Этувги ещё раз внимательно всматривается в облака, висящие над далекими холмами, и отвечает:

— Нет, большого, наверно, не будет.

— Ну, а маленький нам не помеха. Это что-нибудь местное. Как говорится, незначительные осадки местного характера. Ничего, сегодня полетим!

Несколько минут они стоят молча, любуясь удивительной игрой полярного сияния. Кажется, будто разноцветные флаги развеваются в небе и будто едва различимый шелест этих светящихся, поминутно меняющих свой цвет флагов долетает до земли.

— Шелестит, — говорит Этувги.

— Это ветер. Снежную пыль по насту гонит.
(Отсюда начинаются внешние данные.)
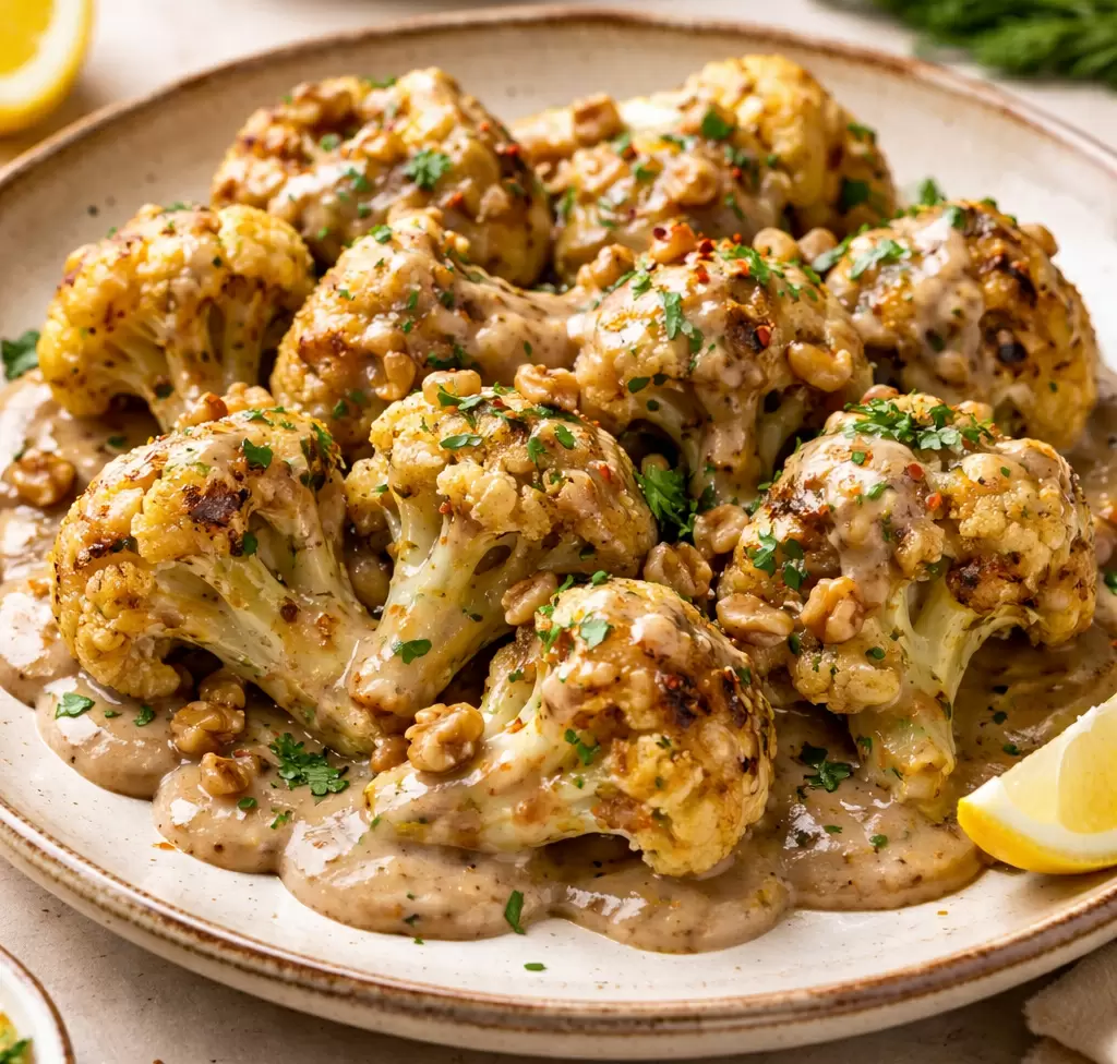 Доставайте запеченную капусту, обильно полейте ее ореховым соусом и верните в верхнюю часть духовки на 5 минут, чтобы она подрумянилась. Подавайте горячим, заранее украсив блюдо рубленой зеленью.
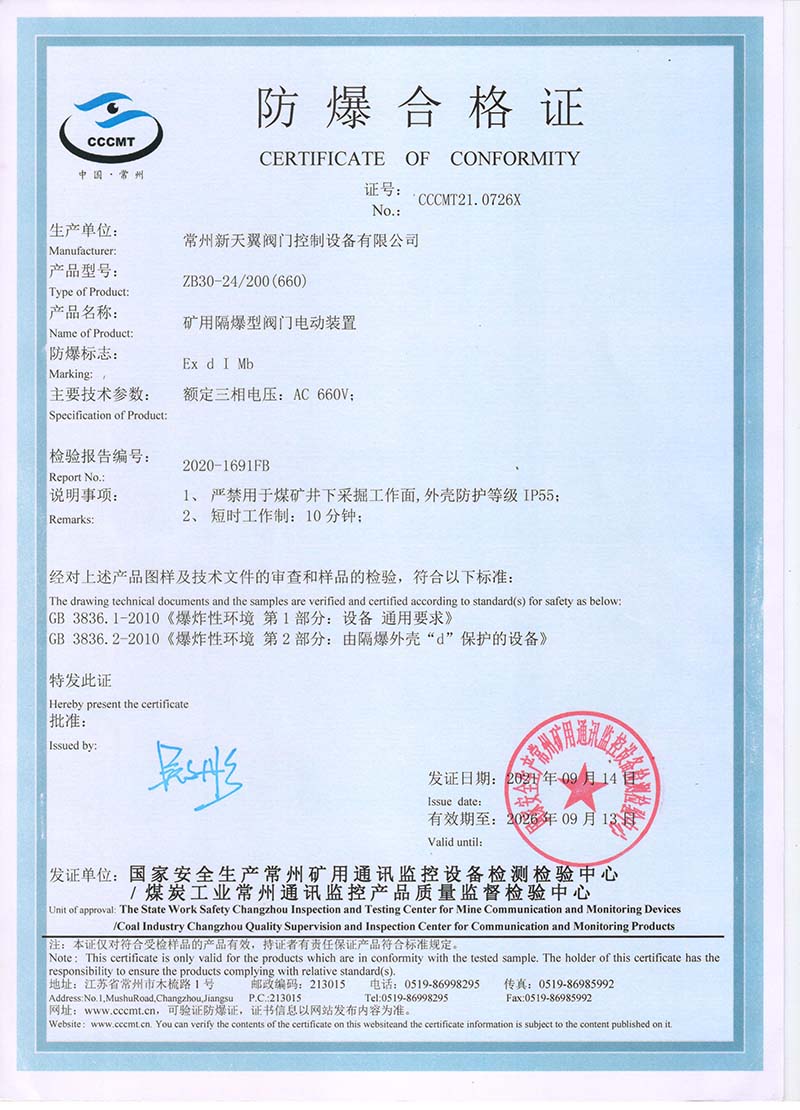 礦用產(chǎn)品安全標(biāo)志證書ZB30-24 200(660)
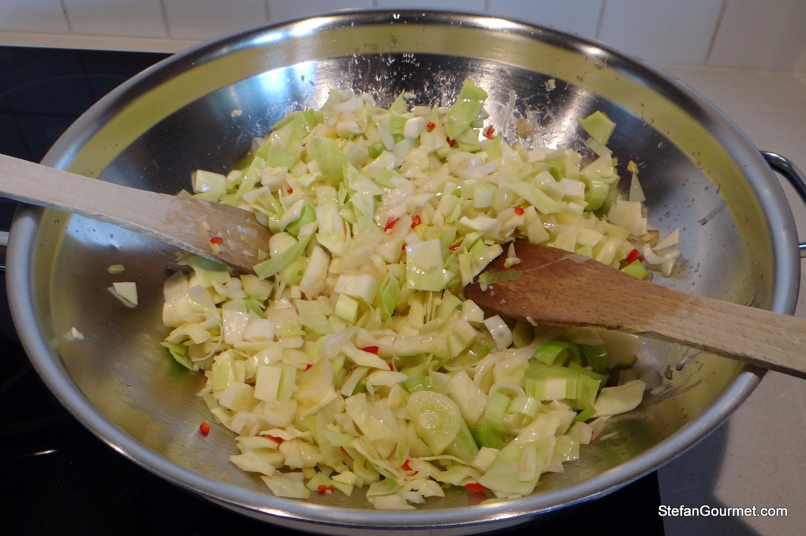 Heat stir fry oil in a wok. Add cabbage, onion, red chile pepper, garlic, ginger and leek. Stir fry for 3-4 minutes or until the vegetables start to color.
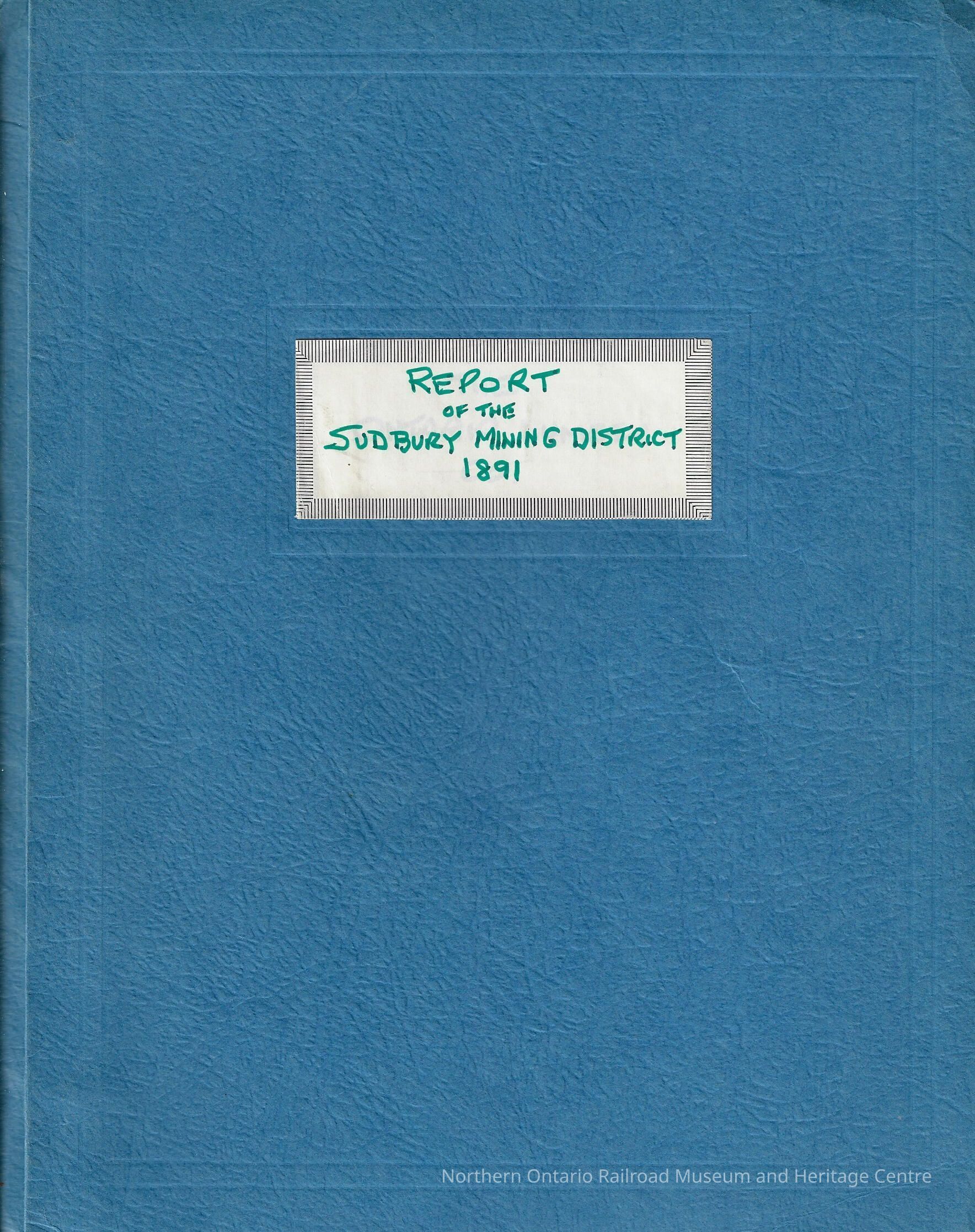 Book, report of the Sudbury Mining District as of the year 1891, published by the Geological Survey Department.Context

— Наверно, ветер, — соглашается Этувги и, неожиданно рассмеявшись, говорит: — У нас считалось… Это когда я ещё мальчишкой был… У нас считалось так: если свистнуть погромче — в два пальца, знаешь? — тогда сияние сильней заколышется, ярче засветится, быстрей меняться станет.

— Пробовали?

— А как же.

— Ну и что? Действовало?

— Да, нам так казалось…

— А если сейчас? — Савин с озорной улыбкой подносит ко рту два пальца.

— Нет, — говорит Этувги, — сейчас не подействует. Для этого надо мальчишкой быть, надо в сказки верить.

Савин опускает руку. Не потому, что давно уже не верит сказкам, а потому, что не хочет нарушить торжественную тишину полярной ночи.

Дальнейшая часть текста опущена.